Chapter OneTHE OUTLAW GOAT
A sudden gust of wind whipped between the mountains,
lashed the water into waves, and caught Briana
O'Toole's reddish blonde hair. With one quick motion Bree
swept it out of her eyes and turned to face her new life.
Just then a swell of waves lifted the end of the Viking
ship as it rested on the shore. Moments before, this ship
that brought Bree from Ireland had sailed through a long,
narrow waterway to this settlement in the mountains. Now
sunlight shone on a waterfall spilling over a high rock wall.
Then the sun shone on the blonde hair of a tall woman
standing beside the water. Seeming to forget everything
else, Bree's enemy, Mikkel, leaned forward.
The moment the Viking ship touched shore, he
leaped over the side. By the time he touched the ground,
the tall woman stood before him.
Mikkel straightened to his full height and tipped his
head in respect. "Mamma" he said.
"Son," she answered. A tear slid down her cheek.

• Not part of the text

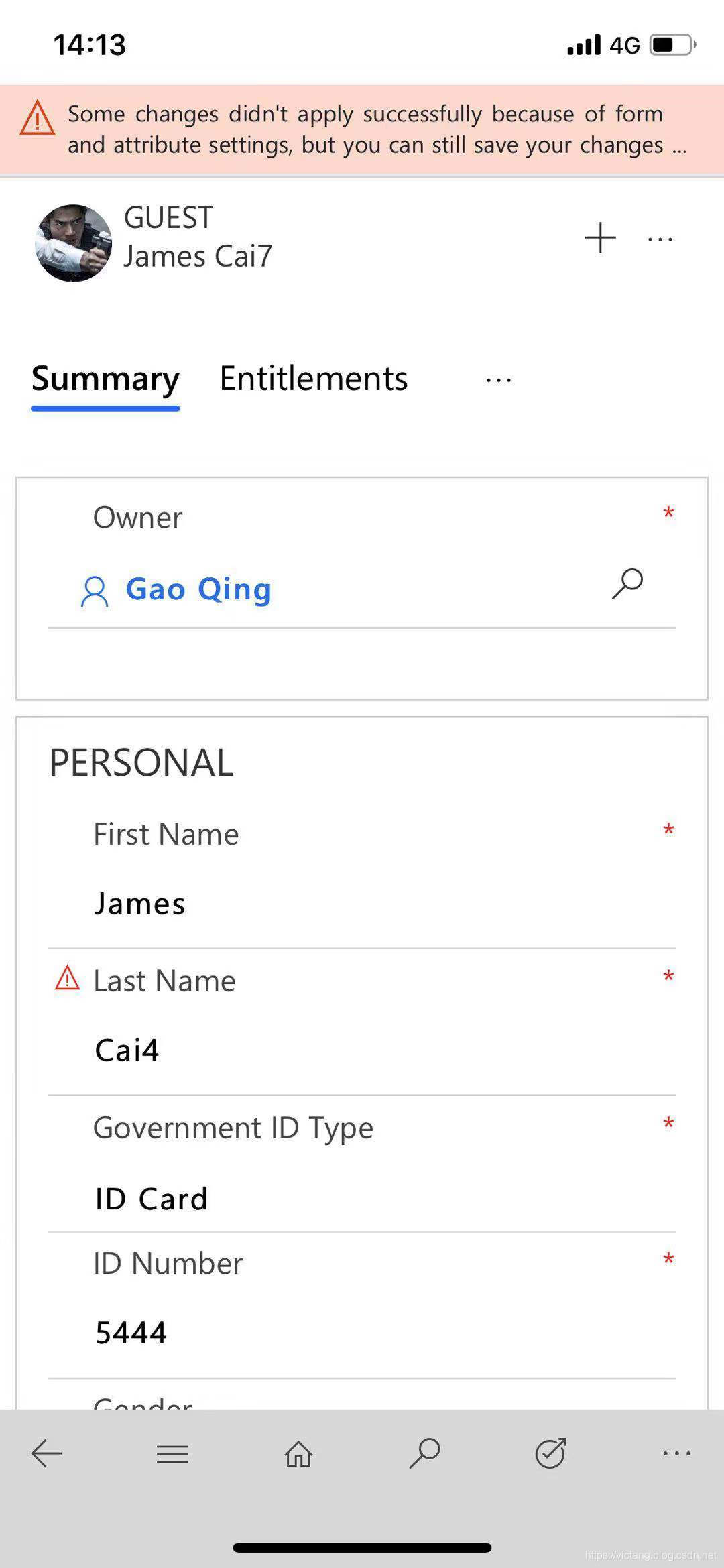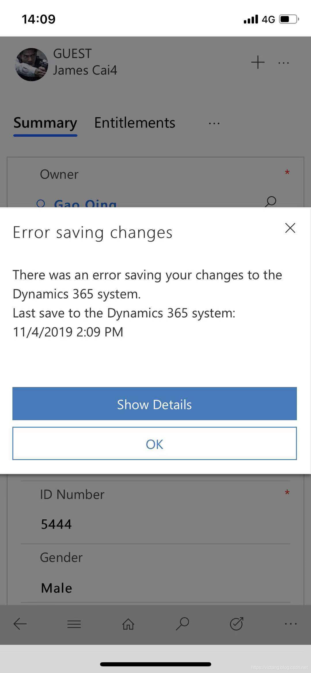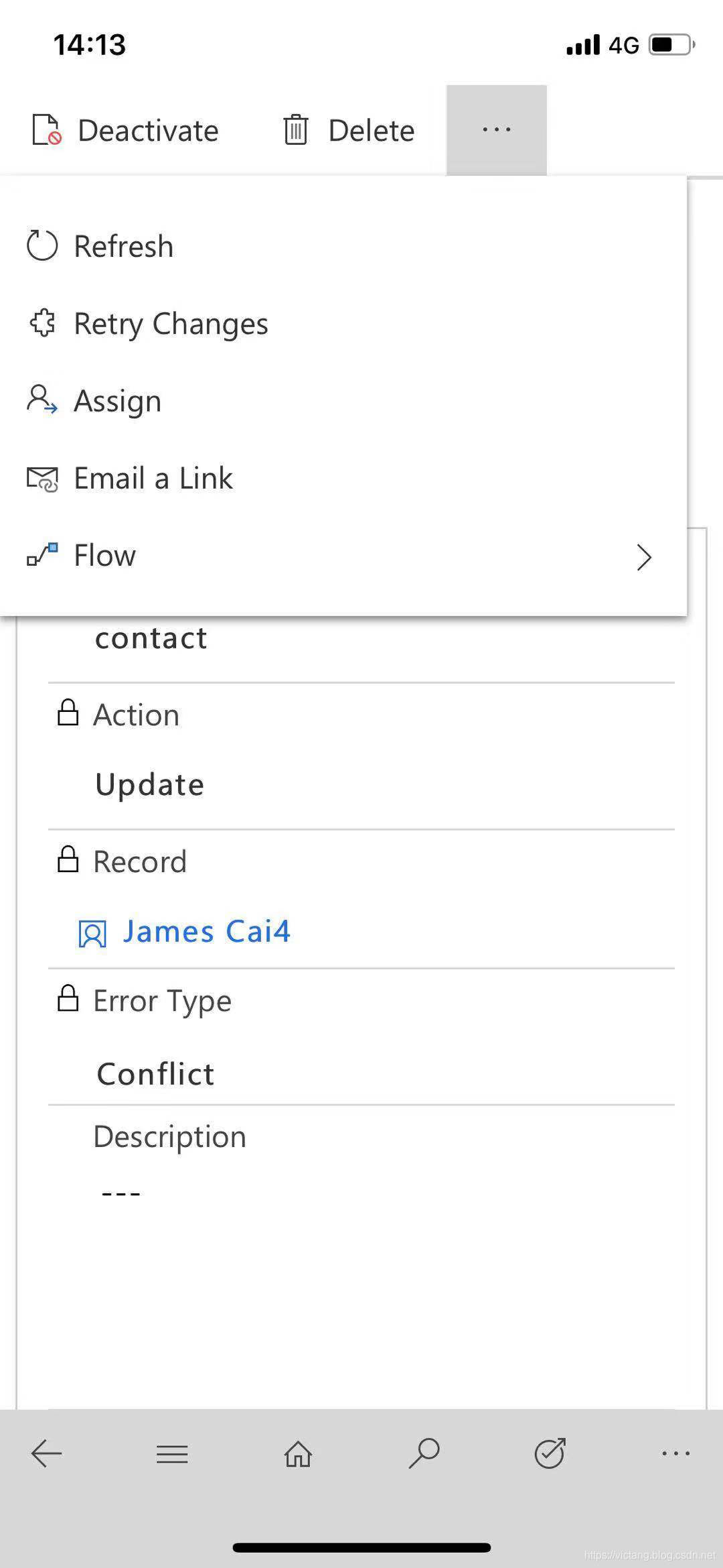 下面是启用数据冲突检测后的示意图,当手机端联网reconnect后会弹出提示,sync数据时出错并且告诉了你详细的错误信息,当然你也可以选择Retry Changes把你手机端的更改记录覆盖Server端

"You were gone so long; I was afraid."
"I know. But I am here." Relief filled Mikkel's voice.
"I am home."
A flash of envy, then anger, filled Bree's insides. Home!
she wanted to spit out. Mikkel is home, but I am not! On a
summer morning late in the tenth century, Mikkel had
planned the raid that brought Bree and others from
Ireland to the Aurland Fjord. Sometimes Bree wished
Mikkel could be a friend. Other times she felt angry
about everything he did.
As Viking sailors set down the ramp, Bree looked into
the crowd gathered to meet the ship. There she saw a girl
with sandy colored hair, brown eyes, and a dusting of
freckles across her nose.
Who is she? Bree wondered. Why do I think she's someone
The girl looked too thin, as if she had been sick. Yet
she had to be at least eleven, perhaps twelve. As people
streamed off the ship, Bree lost sight of her. Then far up
on shore, Bree saw her again.
A long single braid hung down on the girl's shoulder.
When she tossed it aside, her eyes lit with laughter. Bree
knew that motion, that look of poking fun at something
serious. Could it possibly be?
Across the distance their gaze met. The girl's mouth
formed a round O, a gasp of recognition. The surprise of
it shook Bree to the center of her being. It's my sister Keely!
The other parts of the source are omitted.